As previously reported by the Company, on March 3, 2010, Next Mart Inc. (the Company) and Beijing Hua Hui Hengye Investment Lt. (Hua Hui) terminated and rescinded the subscription and asset sale agreement previously entered into by the parties on August 1, 2009. (Please refer to the Companys Form 8-K filed on March 8, 2010 for a detailed description of such events).
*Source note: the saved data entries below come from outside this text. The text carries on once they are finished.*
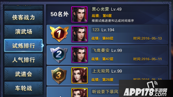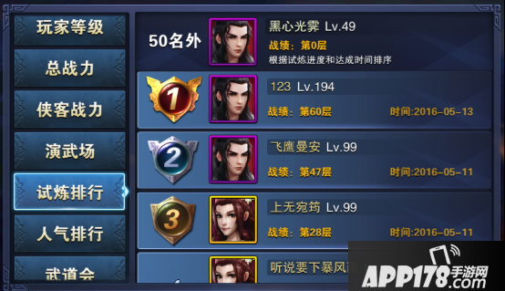 之前只有4个排名(战斗等级、总战力、侠客战力、竞技场),现在更新了更多排名,和之前的也有所不同,现在分别是玩家等级、总战力、试炼排行、人气排行、武道会、车轮战,在这里就不一一介绍了,大家可以去游戏里体验哦~没有最强只有更强,一起拼搏吧~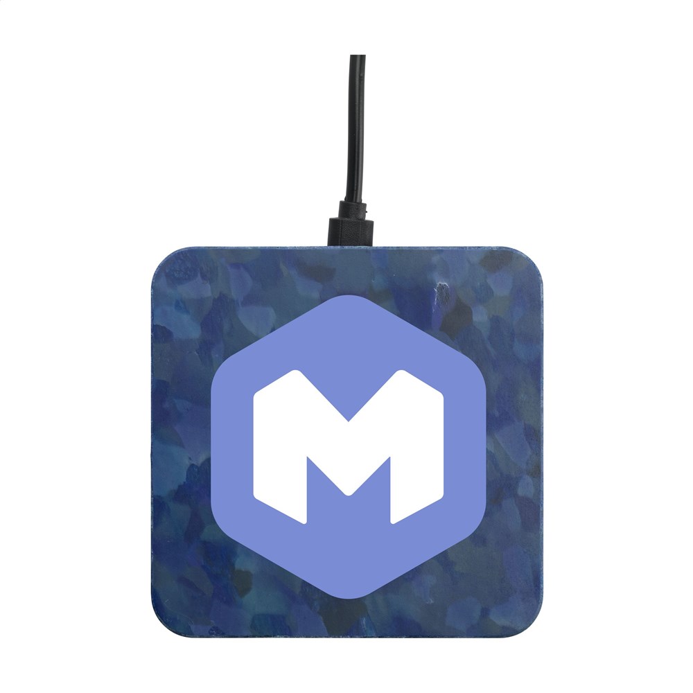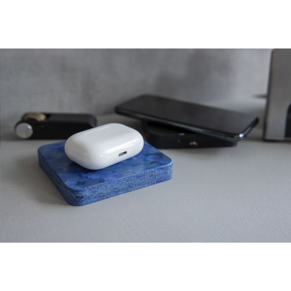 Deze draadloze 10W telefoonoplader is gemaakt van oude blauwe printer spoelen. Het plastic wordt schoongemaakt, versnipperd en dan tot platen gegoten en geperst. Uit deze platen worden de docks gefreesd. Elk product heeft zijn eigen unieke patroon. Inclusief micro-USB oplaadkabel en USB-C connector. Per stuk in kraft doos.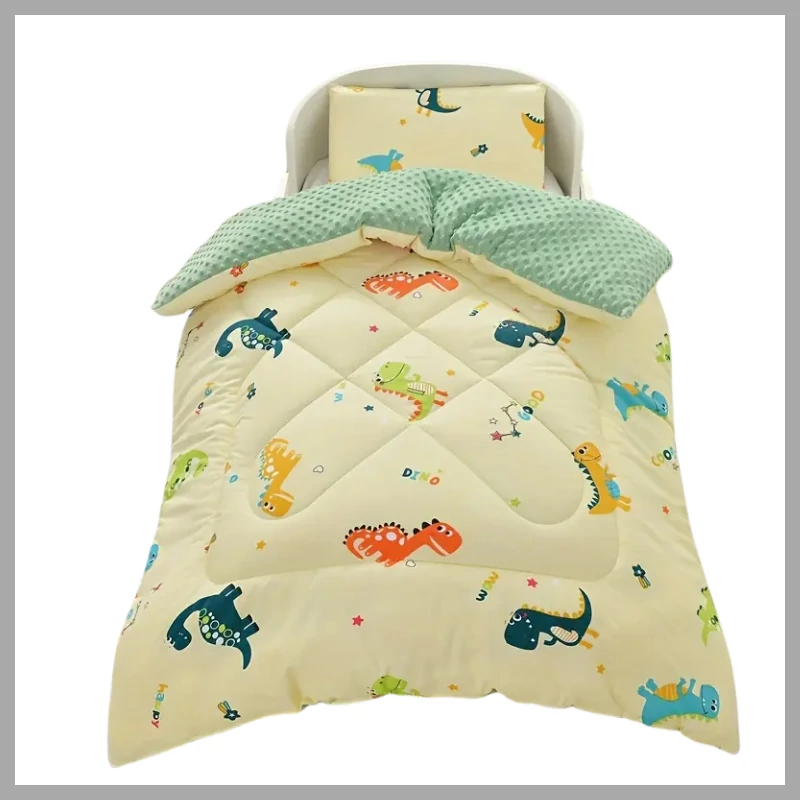 Ez a vidám dinoszaurusz mintás, 100x80 cm-es takaró ideális társ a kisgyermekek számára egész évben. Négy évszakos kialakítása révén tökéletesen alkalmazkodik a hőmérséklethez – tavasszal és ősszel kellemesen meleg, nyáron könnyed, télen pedig megbízhatóan melegen tart. Mérete kiságyakhoz igazodik, így otthoni használatra és utazáshoz egyaránt praktikus választás.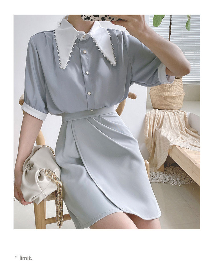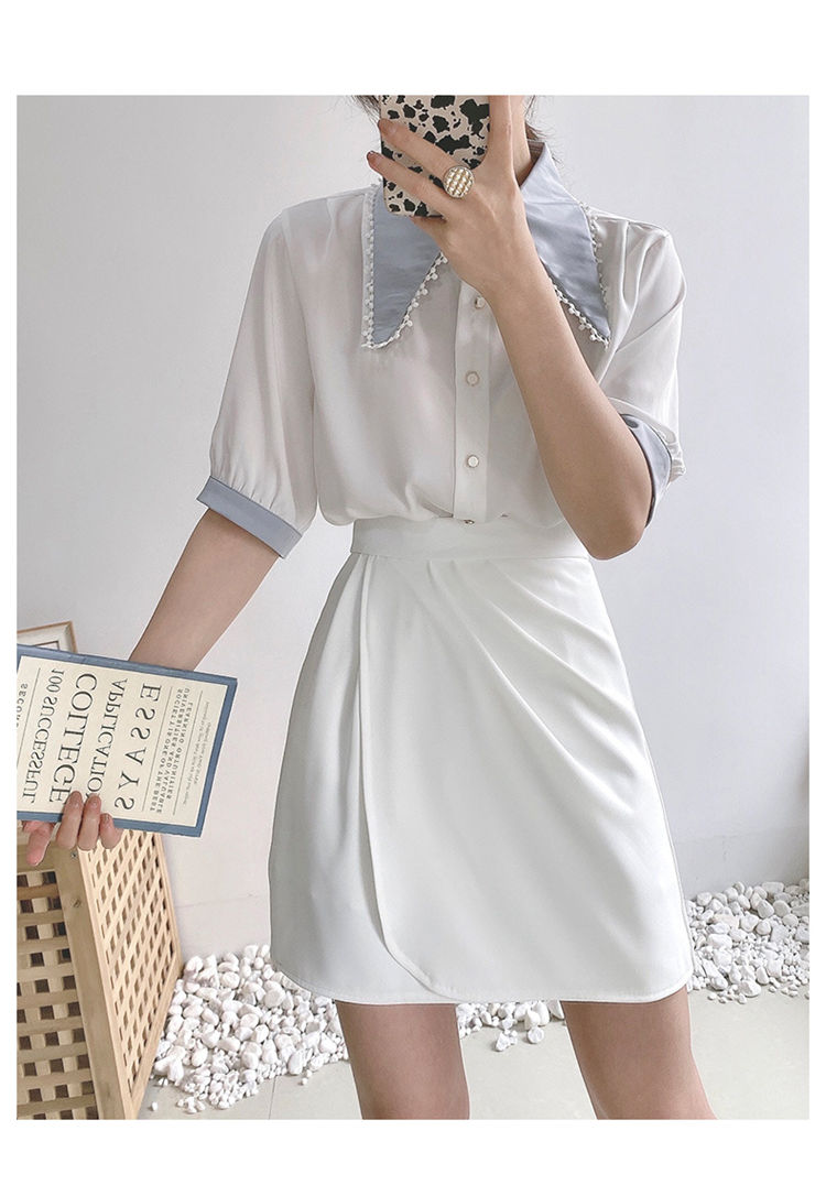 シアースリーブ ドッキングシャツ ボウタイシャツブラウス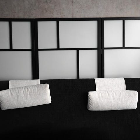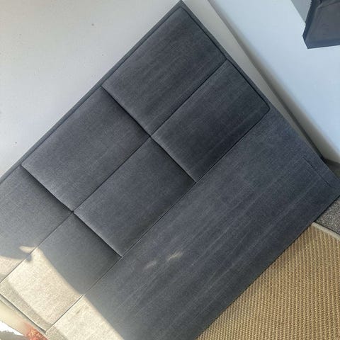 Myydään harmaa hyväkuntoinen sängynpääty, jossa on taittuvat nojatyynyt mekanismilla.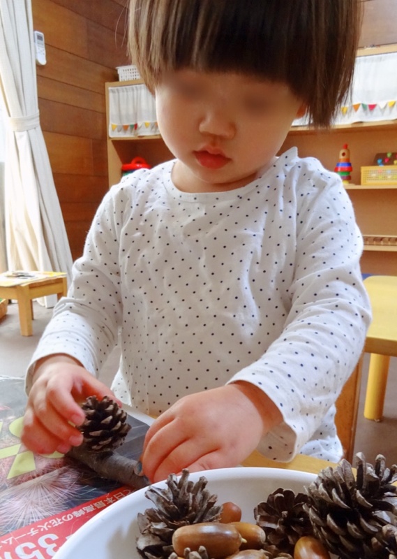 東散田公園や富士森公園には、どんぐりや松ぼっくり、木の枝がたくさん落ちており、感性豊かな子ども達は、持ち帰らずにはいられない魅力を感じるようです。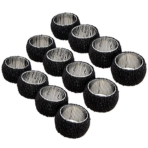 Includes a total of twelve black beaded napkin rings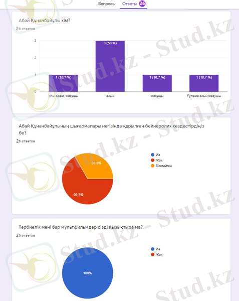 Сауалнама қорытындысы бойынша үшінші негізгі сұраққа («Тәрбиелік мәні бар мультфильмдер сізді қызықтыра ма?») барлық қатысушылар 100% «Иә» деп жауап берген (3-сурет) .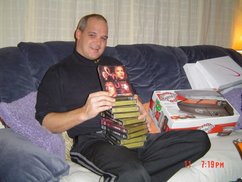 Oh what the hell. Figure I toss in a few more pics. Lisa with a few gifts. She loves those cooking shows.  Lisa got me....ah well nine full seasons of the X-Files. ;D Keep telling her how I was aducted by Willys alien super models. Not the fake smile, I was hoping for a braket. :-/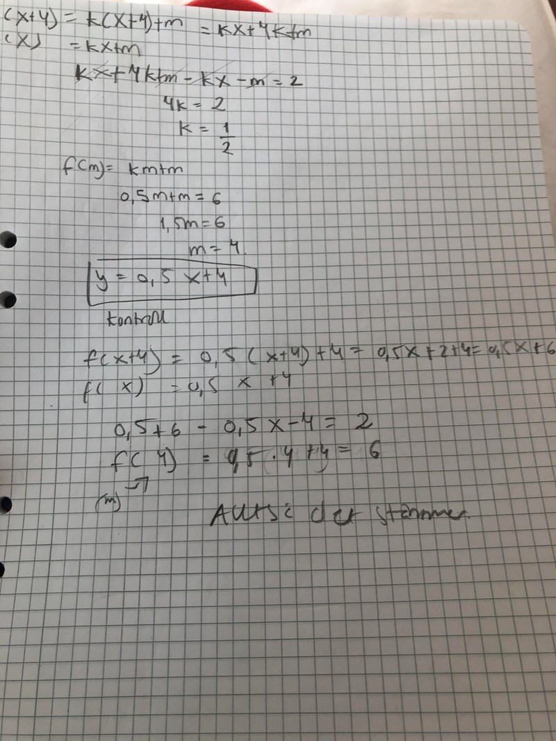Vi får t ex veta att det handlar om en rät linje, y = f(x) = k·x + m ,

The parties also have agreed as of March 26, 2010 to convert RMB 2,255,000 (approximately $331,161 USD) in outstanding promissory notes previously issued by the Company to Hua Hui into a convertible promissory note with a principal amount of $331,161. The previously issued notes were due on demand and interest accrued at the rate of 6% per annum until paid. The new convertible promissory note (Convertible Note) has the following features:
o
The Convertible Note is subordinate to an outstanding Convertible Debt Settlement
Agreement and is senior to all other current and future indebtedness of the Company.
o
If the Company has not effected a Qualified Funding (as defined below) prior to
August 31, 2011, then the entire Principal Amount will be due and payable on August 31, 2011 (the "Maturity Date").
o
If the Company has effected a Qualified Funding prior to August 31, 2011, then (i) an
amount equal to the Qualified Funding will be due and payable within five (5) working
days from the closing of the funding, and (ii) any unpaid Principal Amount will be due and payable on the Maturity Date.
o
A Qualified Funding means any debt or equity funding received by the Borrower (after deducting all fees), excluding however, any funding provided by Redrock Capital Group and Redrock Capital Ventures, Ltd., or any of their respective subsidiaries.
o
Except for default interest, interest on the unpaid balance accrues at the rate of 6%
payable on the Maturity Date,
o
Hua Hui at its option may convert the Convertible Note to common stock of the
Company at a conversion price of $0.016,
o
If there is a default in the payment after a Qualified Funding, then default interest will
accrue on the amount of the Qualified Funding a rate of one percent (1%) per day until paid.
Mr. Meng Hua Liu is the Chairman and sole shareholder of Beijing Hua Hui Hengye Investment Ltd. and is also the Chairman and Chief Executive Officer of the Company.
A copy of the Convertible Note dated March 26, 2010 issued in favor of Hua Hui is attached as an exhibit to this Form 8-K. The above description is qualified in its entirety by the terms and provisions of the attached Convertible Note.
Item 2.03 Creation of a Direct Financial Obligation or an Obligation under an Off-Balance Sheet Arrangement of a Registrant.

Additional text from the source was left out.